Sunday, May 19, 2024

RWC: Bachmann Says Obama Making Slaves Of Americans

Michele Bachmann never ceases to amaze.

And, by “amaze,” I mean “say amazingly ridiculous things to groups of fools inclined to believe her.”  This time, as you’ve probably heard, she’s decided that President Obama is enslaving America in a way that the Founding Fathers would have found wholly unacceptable.  (That Republicans seem to ignore the early post-Revolution success of the Federalists over the Anti-Federalists when quoting the Founders is a subject for a different post.)

Bachmann appeared at a right-wing conference in Colorado this past weekend, the Colorado Independent reports, and in her speech Friday night she quoted from founding father John Jay: “We are determined to live free or not at all. And we are resolved that posterity shall never reproach us with having brought slaves into the world.”

Bachmann then continued, in her own words: “We will talk a little bit about what has transpired in the last 18 months and would we count what has transpired into turning our country into a nation of slaves.”

Her John Jay quote is from the second Letter to the Inhabitants of Canada, dated May 29, 1775.  The goal of the letter was (a) to convince the formerly French Canadians that the American colonies considered them allies rather than enemies (this letter followed the raid on Fort Saint-Jean by Benedict Arnold) and (b) to persuade the people of Quebec to join the colonies in asserting their rights against England.  To this latter end, Jay opined that

[b]y the introduction of your present form of government, or rather present form of tyranny, you and your wives and your children are made slaves.

They were slaves, according to Jay, because the King was not extending rights to the people of Quebec that were guaranteed to them under the treaty of 1763, which ended the French and Indian War and made the people of Quebec subjects of England rather than France.  The King, Jay said, had not given the Quebecois the rights of habeas corpus, jury trial, free press, land ownership, and representative government.

Arguing that the people of Quebec had a moral duty to oppose the King and demand the rights promised them, Jay wrote:

You certainly will not permit the infamy and disgrace of such pusillanimity to rest on your own heads, and the consequences of it on your children forever. (emphasis added)

Jay then wrote, in a less-than-subtle attempt to goad the Quebecois into accepting the letter’s position, that the colonies were steadfast in their determination “that posterity shall never reproach us with having brought slaves into the world.”

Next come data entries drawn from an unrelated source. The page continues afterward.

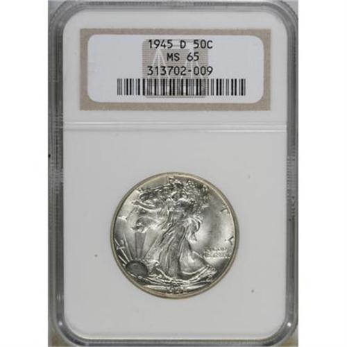 <B>1945-D 50C MS65 NGC.</B></I> NGC Census: (3188/1737). PCGS Population (4744/1648). Mintage: 9,966,800. Numismedia Wsl. Price for NGC/PCGS coin in MS65: $145. (#6625)<BR><BR><B>Coin Engraver:</B> Adolph A. Weinman<BR><BR><b>Shipping:</b> Coins & Currency (<a target="_blank" href="http://www.heritageauctions.com/common/shipping.php">view shipping information</a>)
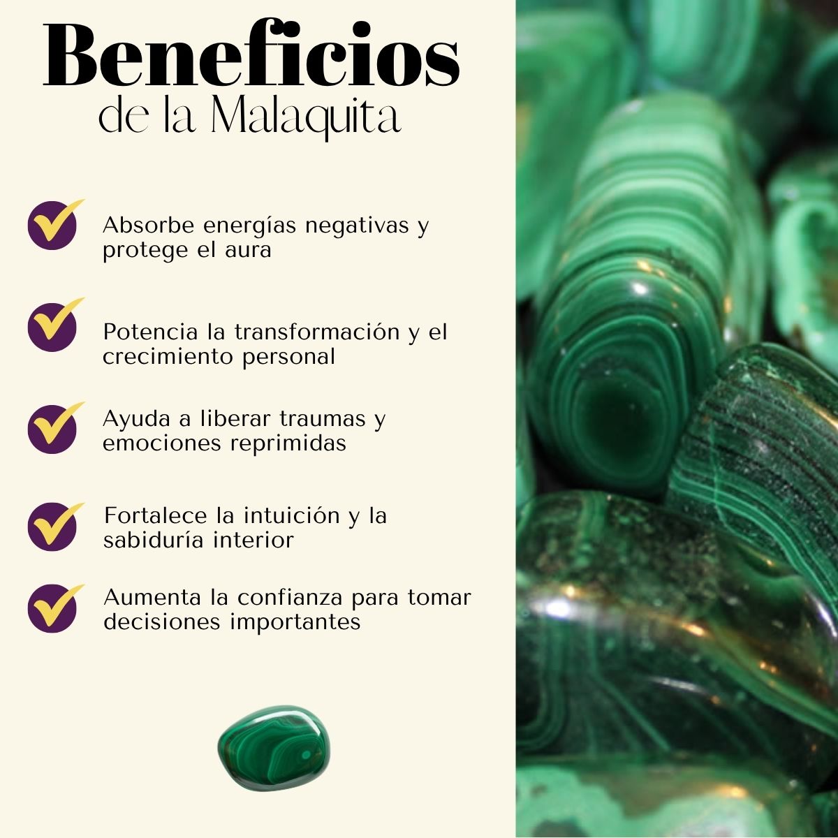 La malaquita es una piedra reconocida por su capacidad de absorber energías negativas y limpiar el campo áurico. Estimula la claridad emocional, potencia la intuición y facilita los procesos de cambio, guiando hacia la armonía y la expansión personal. Es ideal para quienes buscan evolución y fortaleza interior.
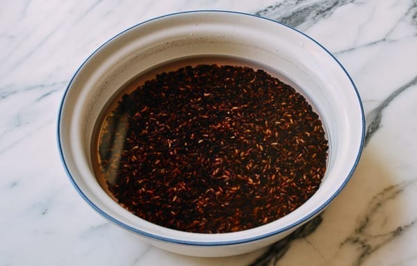 - Rinse the Thai black glutinous rice and soak overnight in 2 cups of water. It should be soaked for at least 8 hours, or up to 24 hours. Pour the rice and the water it was soaking in into a rice cooker and add ¼ cup coconut milk and 3 tablespoons sugar. Stir everything together and turn on the rice cooker. Different rice cookers will handle sticky rice slightly differently, so you may have to press the cook button a couple times until all the liquid is absorbed. Once the rice is cooked, cool completely. (See note for what to do if you don't have a rice cooker.)
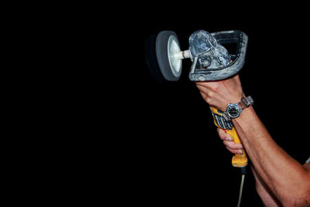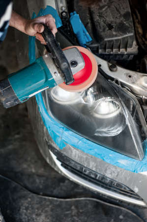 Car headlights cleaning with power buffer machine at car service
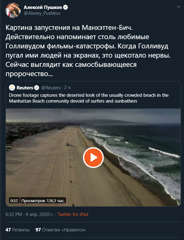 Американские СМИ опубликовали поистине жуткие кадры опустевшего из-за эпидемии коронавируса Манхэттен-Бич. Ситуацию прокомментировал член Совета Федерации России Алексей Пушков.
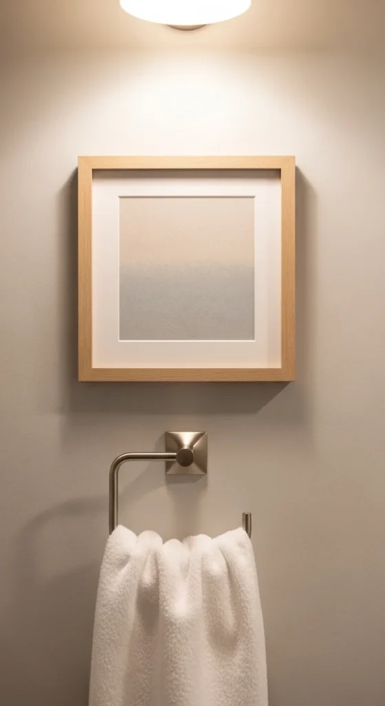 Wall art adds personality when it stays simple and well-placed. Choose moisture-safe frames and avoid paper prints that can warp. One small piece above the toilet or beside the mirror can be enough. If you want a DIY option, frame a textured fabric swatch or a simple photo print in neutral tones to match the room.

Translation: The King is making slaves of you and your kids by withholding certain rights.  Are you going to do something, or are you going to let your children continue to suffer as slaves?  As for us, we’re not going to let history criticize us for bringing not standing up for our children and ending their slavery to the King.  (Implied) We love our children too much not to oppose such injustices.

In short, Jay was using the “OH, WON’T SOMEONE THINK OF THE POOR CHILDREN?!” cry to try to rally support for the colonies’ position.  It was necessary to use this emotional plea because the first, less dramatic letter had already failed to garner the Canadian support the Continental Congress had hoped for.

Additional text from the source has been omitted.